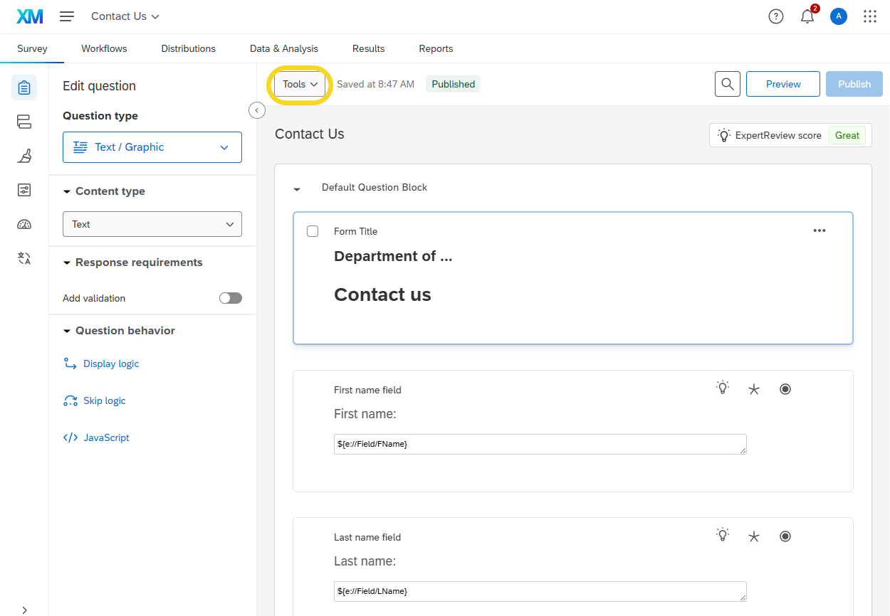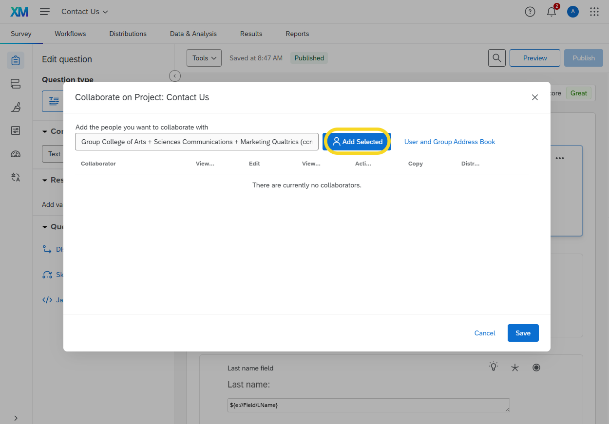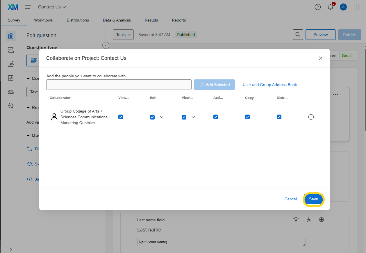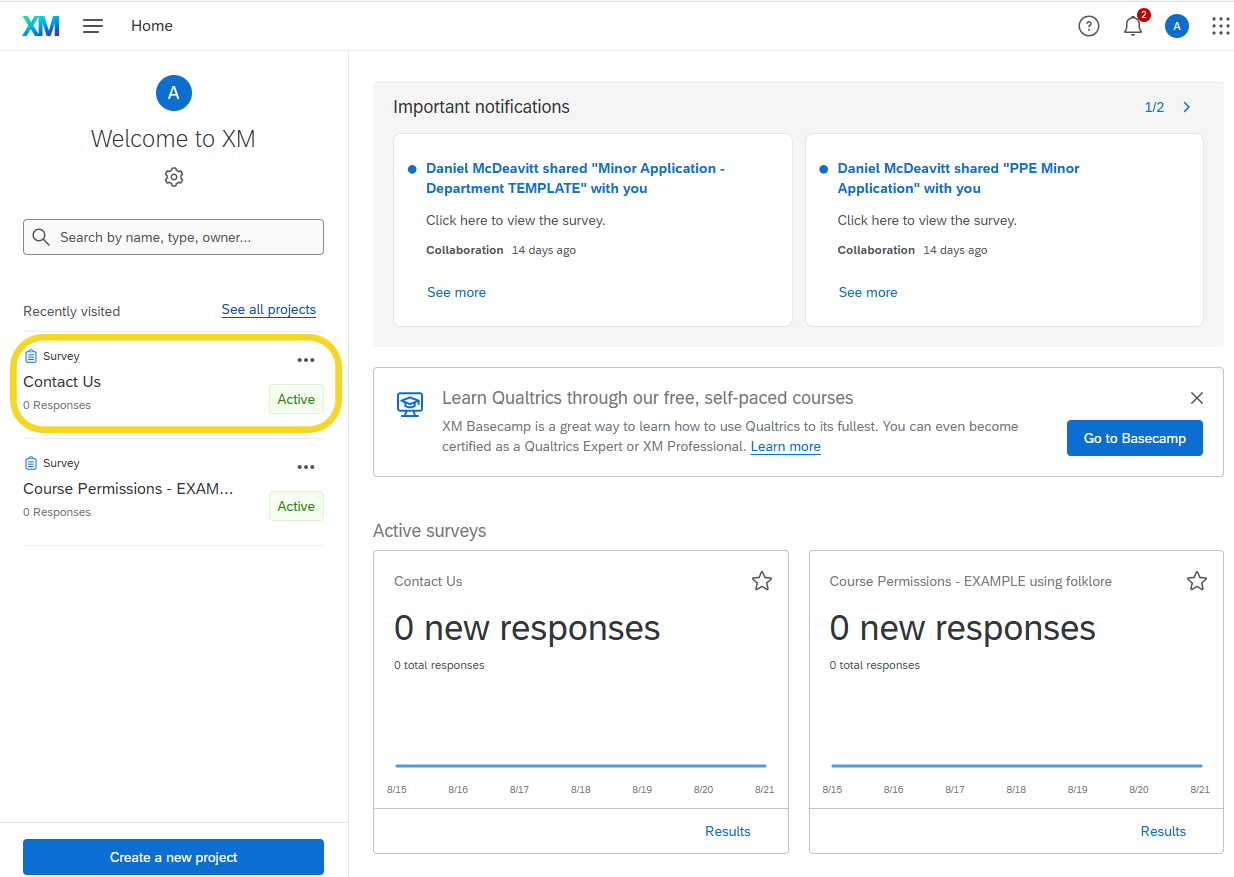Log in to Qualtrics. On the left side of the screen, under Welcome to XM, click on the form you would like to grant access to.
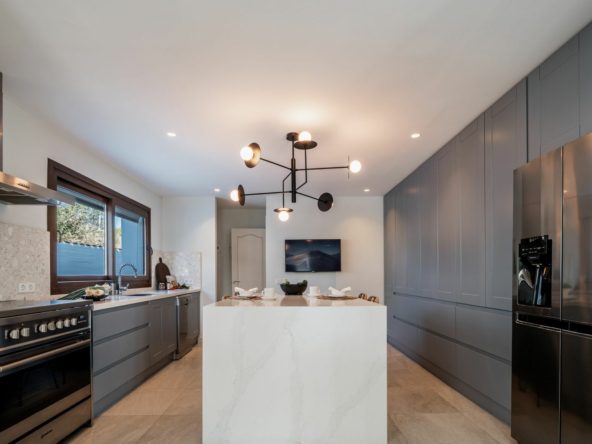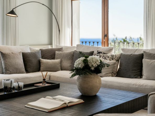 Outdoor living is a key feature, with expansive terraces, an outdoor kitchen and bar, landscaped gardens, and a private swimming pool, all set against a beautiful natural backdrop and stunning sea views. A private garage and separate access complete the property.
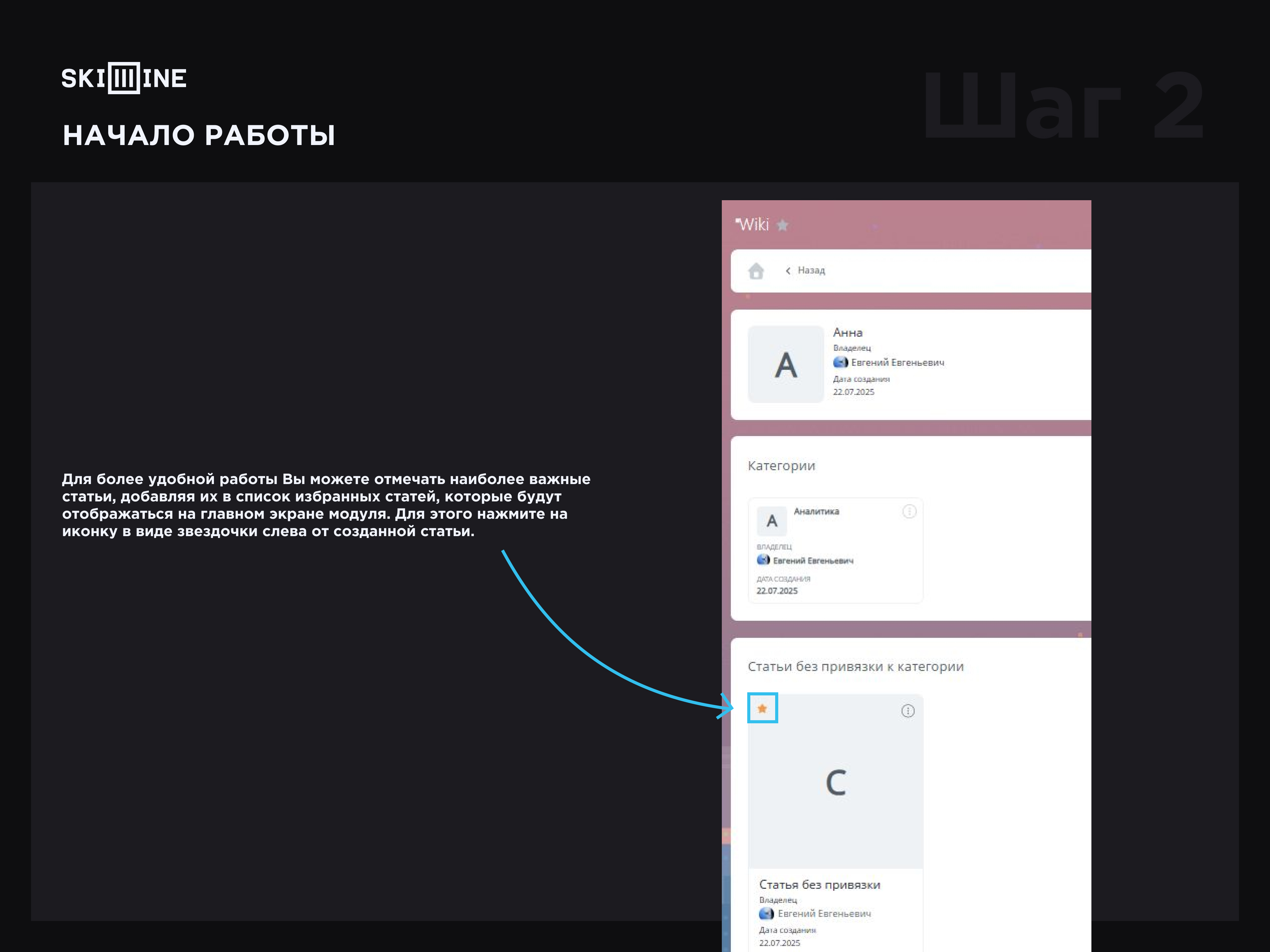 7. Для более удобной работы Вы можете отмечать наиболее важные статьи, добавляя их в список избранных статей, которые будут отображаться на главном экране модуля. Для этого нажмите на иконку в виде звездочки слева от созданной статьи.
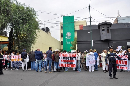 Afuera del Tribunal Superior de Justicia de la Ciudad de México, los feligreses del sacerdote, un grupo de casi 200 personas, permanecieron en una jornada de oración las casi ocho horas que duró la diligencia.
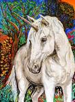 2015Dit schilderij geeft mij nog steeds een goed gevoel. De eenhoorn is een symbool welk veel met mijn werk te maken heeft. Een symbool voor kracht, puurheid, gezondheid, geluk, vernieuwing en zuiverheid. De tederheid van de beeltenis is voor mij heel belangrijk.
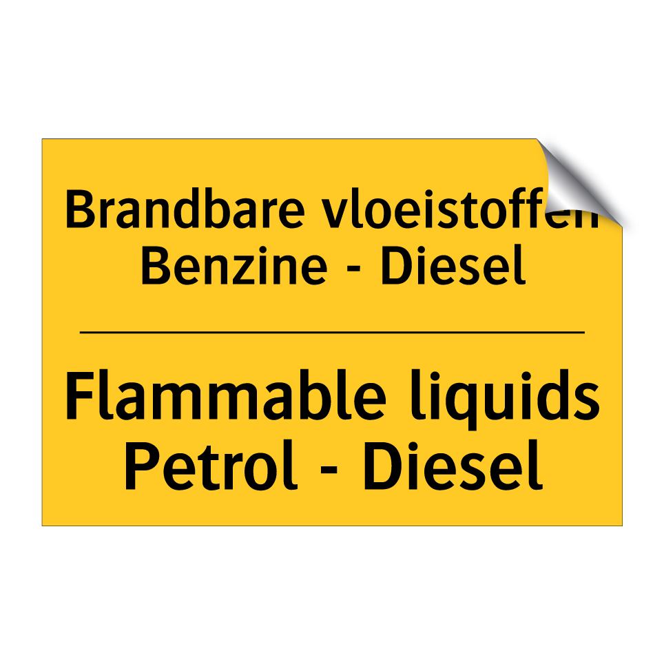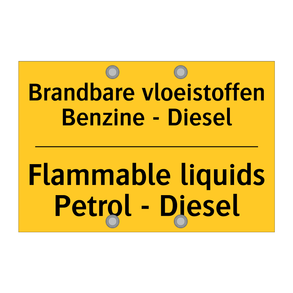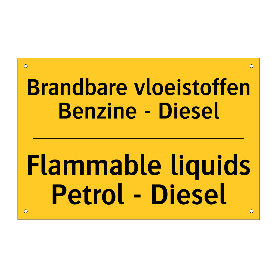 Waarschuwingsbord met de tekst Brandbare vloeistoffen Benzine - Diesel / Flammable liquids Petrol - Diesel
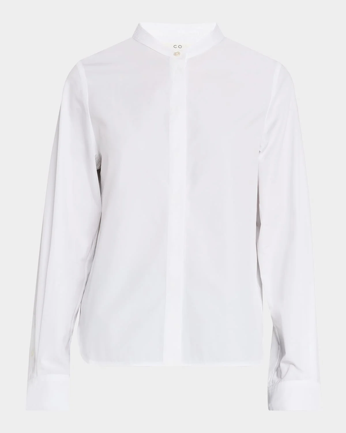 - Co shirt - Stand collar; concealed button front - Long sleeves; button cuffs - Slim fit - Cotton - Imported
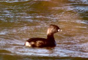 Common ducks seen in winter are Mallard, Northern Pintail, Gadwall, American Wigeon, Northern Shoveler, Green-winged Teal, Canvasback, Redhead, Ring-necked Duck, Bufflehead, and Ruddy Duck. Hooded Mergansers, egrets and herons frequent also along with a variety of shorebirds. A Common Morehen was sighted in July, 2006. Rarities: a Surf Scoter was seen on this pond in May, 1999.
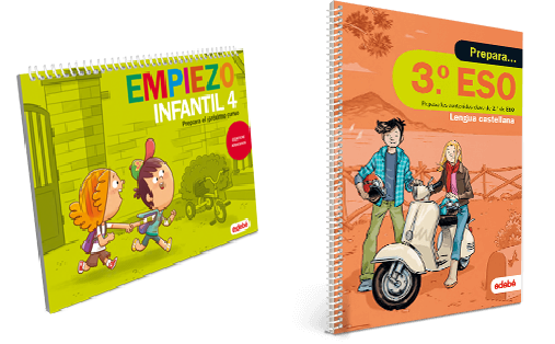 Para la etapa de Educación Infantil, edebé ofrece la colección Empiezo, que sigue el estilo tradicional de la etapa Infantil, con formato apaisado de fichas, adhesivos y actividades. También hay un cuaderno de la colección Empiezo para primero de Primaria con el mismo formato tradicional. Por su parte, la colección Prepara propone cuadernos para todos los cursos de primaria y secundaria .
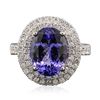 One electronically tested 14KT white and yellow gold Ladies combination cast & assembled ring with a bright polish finish. Condition is new. Identified with markings of "14K". Containing: One prong set triangle modified brilliant cut natural tanzanite, measuring 8.00 x 8.00 x 5.20mm, approximate weight of 2.01ct., clarity is eye clean, type I, medium, moderately strong, bluish violet color, (GIA bV 5/4), cut is good. Sixty prong set round brilliant cut diamonds, measuring 2.00 - 1.40 x 1.02mm (depth est.) approximate total weight of 60 Stones = 0.80ct. Clarity: SI-2 to I-1. Color: H - I, Cut is Good. Colored gemstones are presumed to have been subjected to commonly used enhancement processes. All diamonds and colored gemstones are graded in the mounting, unless otherwise stated. Total Weight of Colored Stones 2.01ct. Total Weight of Diamonds 0.80ct. Total Weight of Ring 7.40 grams. GGL Appraised at $7,085.00.
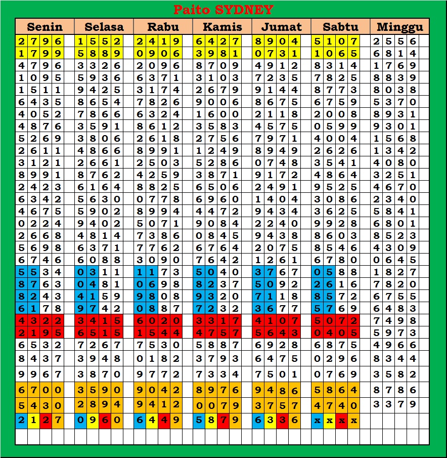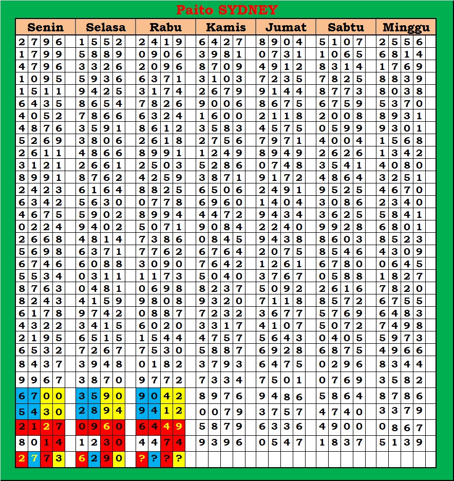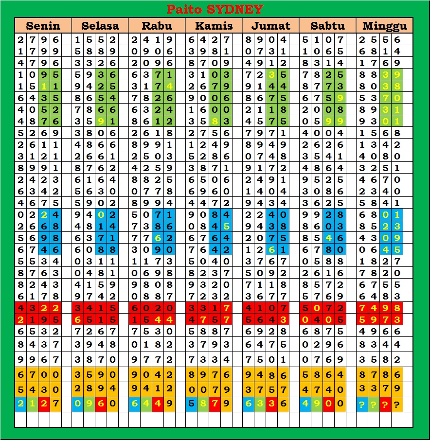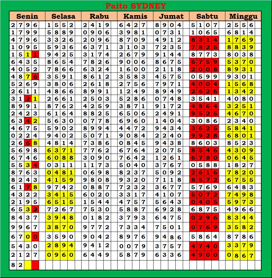 | PAITO WARNA SYDNEY 4D HARIAN |
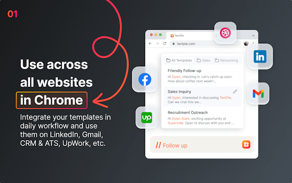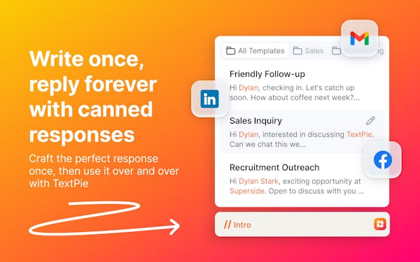 How TextPie Helps: ⚡ Instant Messaging: Create your templates once, then access them instantly with // or our TextPie icon. ✍️ Error-Free Communication: Auto-fill names, dates, and details to ensure accuracy with variables. 💻 Seamless Workflow: No more tab switching—everything is accessible right where you need it.
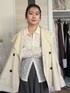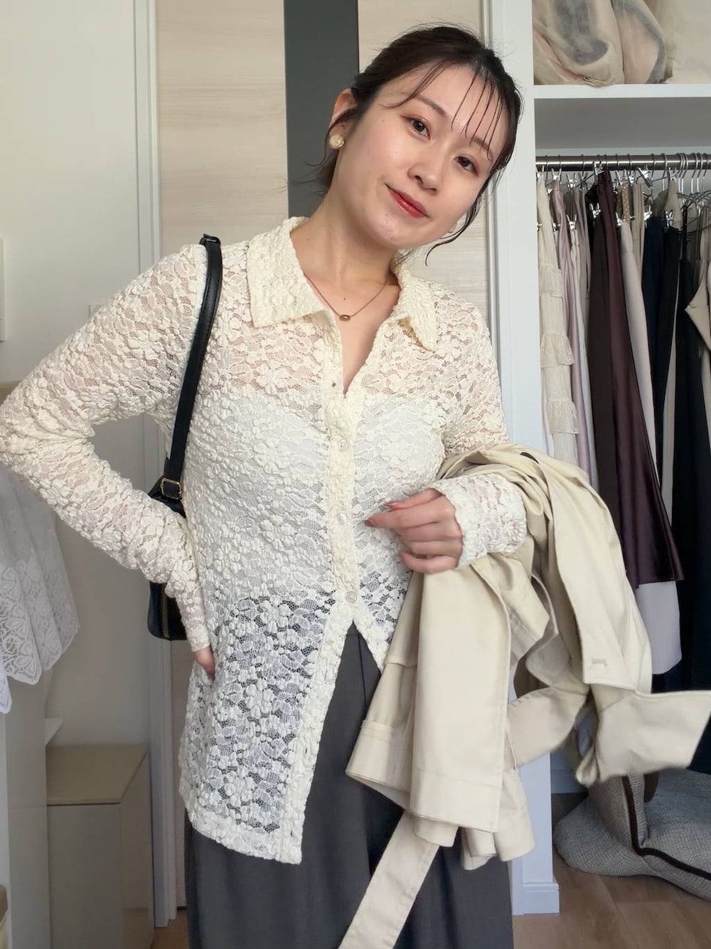 【トップス】 花柄のレースがフェミニンな印象で着られるトップス☺︎ フィット感はありますが二の腕は目立たずに着られました😭✨ ボタンは下2つほど外して着る着方がすっきり見えておすすめです。 155cm|骨格ウェーブ
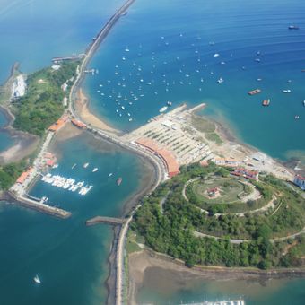 The Causeway Islands consist of four connected islands stretching 6 kilometers into the Pacific Ocean at the southern entrance of the Panama Canal.

[Task]:
The expected output is the lines above from the one containing "- Co shirt - Stand" to the one containing "Para la etapa", both ends included, reproduced exactly with every picture left out.

[Answer box]:
 - Co shirt - Stand collar; concealed button front - Long sleeves; button cuffs - Slim fit - Cotton - Imported
 Common ducks seen in winter are Mallard, Northern Pintail, Gadwall, American Wigeon, Northern Shoveler, Green-winged Teal, Canvasback, Redhead, Ring-necked Duck, Bufflehead, and Ruddy Duck. Hooded Mergansers, egrets and herons frequent also along with a variety of shorebirds. A Common Morehen was sighted in July, 2006. Rarities: a Surf Scoter was seen on this pond in May, 1999.
 Para la etapa de Educación Infantil, edebé ofrece la colección Empiezo, que sigue el estilo tradicional de la etapa Infantil, con formato apaisado de fichas, adhesivos y actividades. También hay un cuaderno de la colección Empiezo para primero de Primaria con el mismo formato tradicional. Por su parte, la colección Prepara propone cuadernos para todos los cursos de primaria y secundaria .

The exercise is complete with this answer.